With the current project I’m working on, shot using the Blackmagic URSA camera, I’ve found the new debayering settings immediately provides an image with denser shadows, more neutral color balance, and richer color; an image that’s easier to grade right off the bat when debayering straight to Rec. 709. Obviously this is just a starting point, but a better starting point reduces the number of steps it takes you to get to the final image you want. This is a welcome improvement that, frankly, makes the raw output of all Blackmagic cameras look even better right from the get go, no matter when the material was shot.
I received a question from Anthony that reflects similar questions I’ve gotten from other folks around the world, paraphrased here:
I was wondering if you could answer a question that I’ve been wrestling with… Is any one software better in terms of QUALITY for color correction? …For instance, if I were to use a curves adjustment and then a three way color corrector theoretically using the exact same settings, would quality degradation be more or less prevalent in after effects, premiere, colorista, resolve, or speedgrade?
Everyone knows that I consult for DaVinci, and that Resolve is the software I use for both my client and personal work. That said, I’ve used many apps, have written about several, and as far as I’ve seen, you can do high quality work with the current version of just about every image-processing postproduction application on the market, be it Resolve, Baselight, Rio, Nucoda, SpeedGrade, Scratch, After Effects, Nuke, Symphony, Smoke, Flame, Premiere Pro, Final Cut Pro X, or plugins such as Magic Bullet, Colorista, what have you.
In terms of image quality, one could certainly choose to nitpick the quality and/or feature-richness of a particular operation in one application versus that in another; comparing implementations of curves, or noise reduction features, or qualifiers. But, minutiae aside, I honestly think that when comparing the basic image processing features that comprise the bulk of one’s day to day adjustments, you can get where you need to go in ANY of the above solutions and produce a high-quality image. All modern software that I’ve seen has perfectly good image processing, and each application I mentioned can boast of projects in cinemas, on television, and winning awards in high-profile film festivals; proof that nobody is getting fired because of what they’re using.
That said, not all apps are created equally in terms of the efficiency of working your way through a project as a colorist, and everyone has their own opinion about what software they prefer to use in that regard.
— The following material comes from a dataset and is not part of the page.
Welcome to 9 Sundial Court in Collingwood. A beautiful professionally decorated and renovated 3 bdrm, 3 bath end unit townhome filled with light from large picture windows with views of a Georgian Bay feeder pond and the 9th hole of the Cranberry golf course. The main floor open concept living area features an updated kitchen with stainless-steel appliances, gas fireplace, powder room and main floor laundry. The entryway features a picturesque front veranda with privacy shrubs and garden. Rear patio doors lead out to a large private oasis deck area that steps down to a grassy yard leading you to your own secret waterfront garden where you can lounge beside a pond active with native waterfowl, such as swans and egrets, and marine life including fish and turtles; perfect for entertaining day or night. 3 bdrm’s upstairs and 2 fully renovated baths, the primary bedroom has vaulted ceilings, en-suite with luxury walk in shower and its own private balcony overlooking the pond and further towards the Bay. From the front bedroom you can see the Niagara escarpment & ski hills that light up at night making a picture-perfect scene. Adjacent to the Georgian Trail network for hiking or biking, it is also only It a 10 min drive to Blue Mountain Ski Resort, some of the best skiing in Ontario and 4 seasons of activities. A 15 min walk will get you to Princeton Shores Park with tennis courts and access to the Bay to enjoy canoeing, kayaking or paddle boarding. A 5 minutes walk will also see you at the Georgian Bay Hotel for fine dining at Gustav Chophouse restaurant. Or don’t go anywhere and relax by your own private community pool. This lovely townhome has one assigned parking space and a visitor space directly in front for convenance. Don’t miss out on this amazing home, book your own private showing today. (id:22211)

I’m not going to take any sides here, because the price/performance/efficiency dial has many positions, and you can do well with any combination of apps and plugins you like providing you have the time and expertise for that solution. Along these lines, I have four metrics you should consider when choosing a grading environment:
In a more concrete example, grading inside of your NLE can ease your workflow in terms of not having to move your edited timeline between apps, and you can reap efficiencies by having your grades live with your edit, thereby avoiding reconforms when last-minute reedits are necessary. On the other hand, dedicated grading applications are made to work quickly, do more to the image, and speed up your grading workday, offering many more dedicated tools for color tweaking then the average NLE. Some grading apps work better when coordinating with specific applications in a regimented workflow, while others are designed to be more flexible in order to accommodate more unpredictable situations.
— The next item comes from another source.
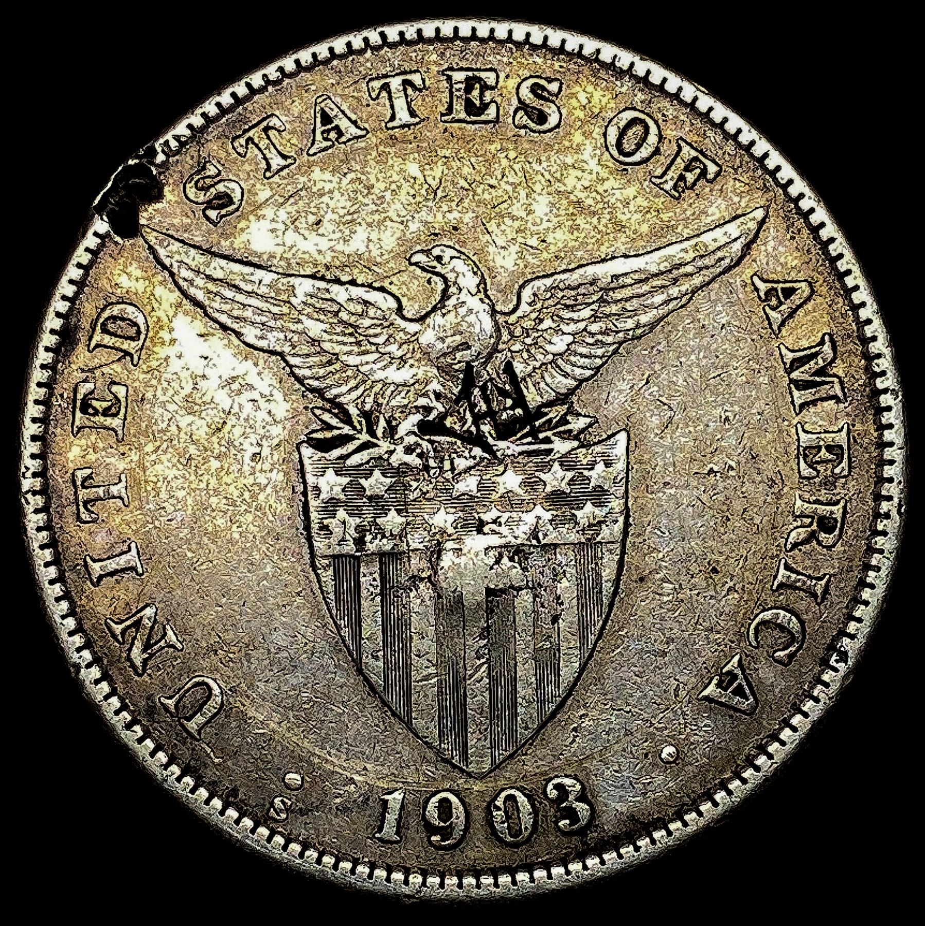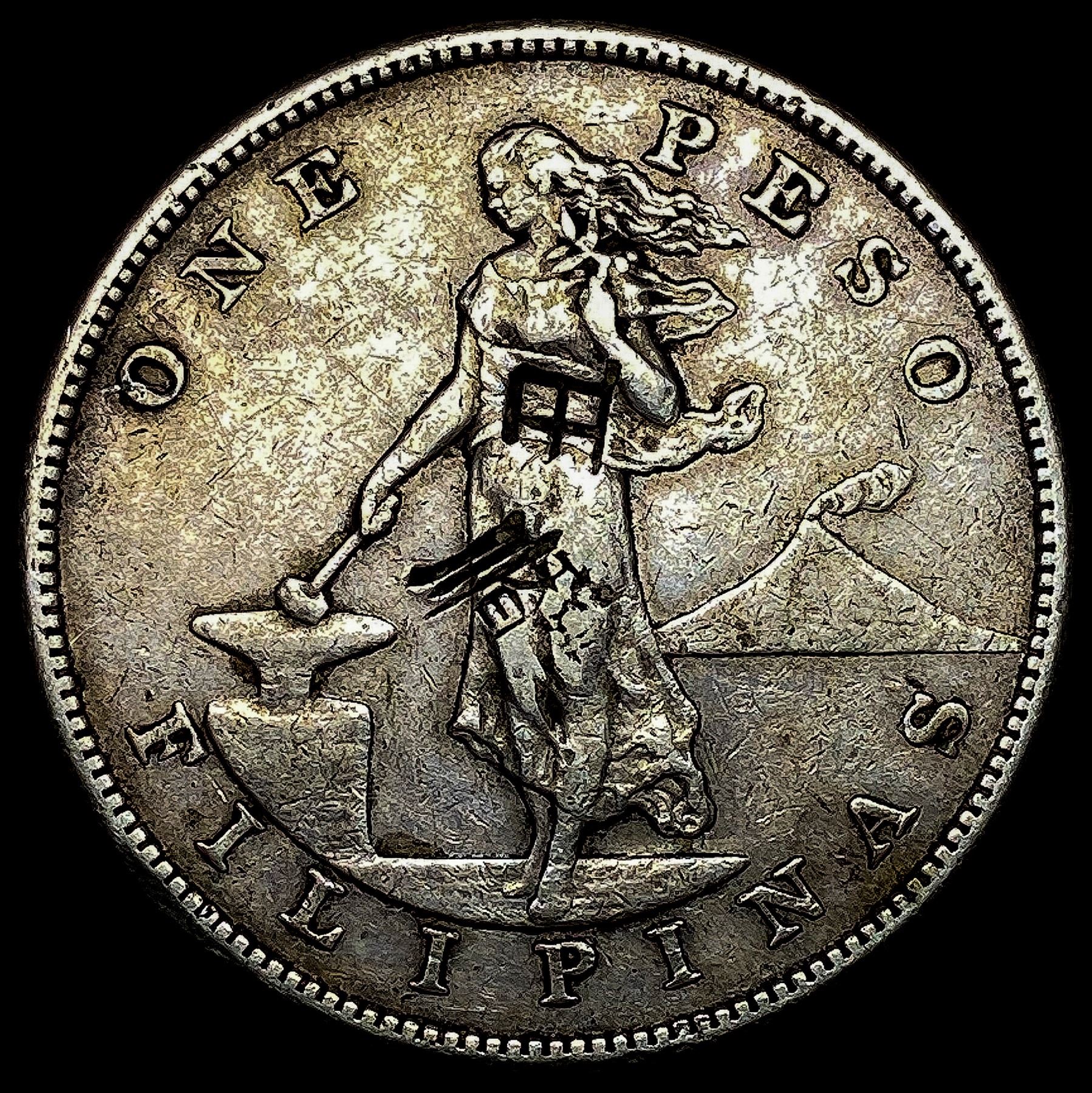 1903-S Philippine Silver 1 Peso with Chop Marks NEARLY UNCIRCULATED

In making your choice, I’d say that your primary concerns should be efficiency of workflow (in your situation) and flexibility of grading tools. Whatever software you pick, the quality of the result is going to be more up to your ability then the application, pretty much all applications are capable of high-quality processing.
The scene I shot in December, “An Unwanted Job,” is coming along nicely. In an effort to eat my own dog food, I’m doing as much of the postproduction as I can inside of Resolve, from syncing the timecoded dual-source audio and making offline dailies from the original 4K CinemaDNG media, to editing both picture and sound, editing music and doing simple sound design, through adding visual finishing effects and doing the grade. Eventually, I’ll be sending the audio I edit to someone else for sweetening and mixing, probably in ProTools, probably via exporting xml to Final Cut Pro 7, and out to OMF from there, unless I find a more contemporary workflow.
I used the Metadata Editor in the Media page to annotate the Description, Shot, and Scene for each clip, and then I sorted the Media Pool in list view and organized the clips into logical bins for my use. Overall, the new Media Pool columns and bin organization features have made wading through material much, much nicer then in previous versions. For the smoothest overall experience I created a set of transcoded 1080p ProRes LT media with cloned file names and timecode to work with, making it easy for me to reconform to the original 4K once I start with the grading; I have separate bin hierarchies for the camera original and proxy media, and I can switch back and forth using the “Reconform from bin” command (after turning off “Force Conform Enabled” for each clip in the Timeline).
Assembling my timeline went swiftly. As I edited, I definitely found things that could be improved, particularly in the realm of audio, but I was easily able to accomplish what I wanted, and as I got into the details of the edit I’m happy to say that I like the trimming tools in Resolve as much as an end user as I did when demoing them in front of audiences. There are idiosyncrasies in Resolve 11.1.3 such as audio not playing in reverse (you can hear audio playback scrubbing or moving a frame at a time in reverse, just not at speed), or double-clicking to open a clip into the Source Viewer for trimming not working when the Trim tool is selected (you have to choose the selection tool first), but nothing stopped me, and I’ve passed these tidbits along to the Resolve team. One thing I’ll add is that easy access to Roll edits in selection mode make split edits in dialog ridiculously easy to perform.
After cutting a few different versions of the scene, I “soft-locked” my primary edit a few weeks ago. At the moment, I’m going back and forth on the music cues with composer John Rake. I’ve been deliberately having him compose longer pieces of music that I can cut into the timeline in different ways, which has been forcing me to do a bit of music editing in Resolve. Given that audio cutting isn’t necessarily what Resolve is designed to do at the moment, it’s actually been going nearly as well as it ever did back in FCP 7. I often try to avoid locking the edit until the music is finished, as great cues always make me want to push and pull things around. In this case, it’s a great excuse to push Resolve a little out of its comfort zone.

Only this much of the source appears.